Friday, April 18, 2008

The real costs of the price of oil

The price of a barrel of oil reached and passed $115 yesterday. It has doubled in a year. As the price of oil goes up so must everything else, as everything that is produced, distributed and consumed depends on it in some way. The higher the price of oil goes, the deeper will be the global economic slump.

There are many reasons for the soaring price of oil. Despite attempts to stave off financial meltdown, banks are failing and the US economy is diving into recession. The value of the dollar is falling against other currencies, so speculators are looking for safer options, like gold, food and oil. The more they exchange dollars for commodities, the faster the dollar falls. The pound sterling is falling for similar reasons. The lower the dollar, the higher the price of oil. It’s a vicious spiral.

In a period of inflation, many price rises aren’t due to an increase in their value – which is measured by the real cost of production – but by the falling value of the money in which the price is expressed. But for oil the situation is different. The oil companies are finding it more and more difficult to extract. The cost of production is increasing. So the value is increasing as well. And that contributes to the sharply increasing price.

As the oil price feeds through into other products, the effect is to dampen consumer demand even further. Think about it. US consumers already began to run out of credit in 2005. That triggered the mortgage crisis and a lot more. Thousands of stores are now closing, taking their suppliers and hundreds of thousands of jobs with them. The closure by JJB of 72 sports shops with the loss of 800 jobs is a sign that the crisis is now hitting the UK. Meanwhile, investment bank, JP Morgan is predicting that the credit crunch could cost up to 40,000 jobs in London’s financial services sector during 2008 and 2009, further cutting purchasing power.

All this is against the background of “peak oil”, as production peaks and begins to fall. Earlier this week Leonid Fedun, vice-president of Lukoil, said that last year’s Russian oil production of about 10m barrels a day was the highest he would see “in his lifetime”. Russia is the world’s second biggest oil producer.
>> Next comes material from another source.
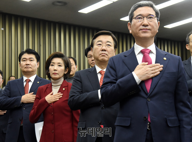자유한국당 원내대표 후보인 김학용, 나경원 의원과 정책위의장 후보 김종석, 정용기 의원이 11일 오후 국회에서 열린 원내대표 및 정책위의장 선출 의원총회에 참석해 국민의례를 하고 있다.

Fedun compared Russia with the North Sea and Mexico, where oil production is declining dramatically. Because the entire capitalist economy depends on oil, and there is no substitute, in an editorial entitled “Preparing for the age of peak oil”, the Financial Times is pushing to offset the decline in output urging Russia to “press on with privatisation of state-controlled assets”.

Movements like the Transition Initiative are on a different track. It is a fine, rapidly-growing movement focusing on unleashing the creative genius of communities to discover ways to reduce energy use to overcome falling oil production and climate change. So far, however, it has sidestepped the corporate ownership of oil and the capitalist, for-profit pressure to maximise its extraction and use. Reducing the reliance on fossil fuels depends on them ceasing to be exploited for profit. And that means bringing the era of capitalist corporations to an end through a process of democratising their ownership and control.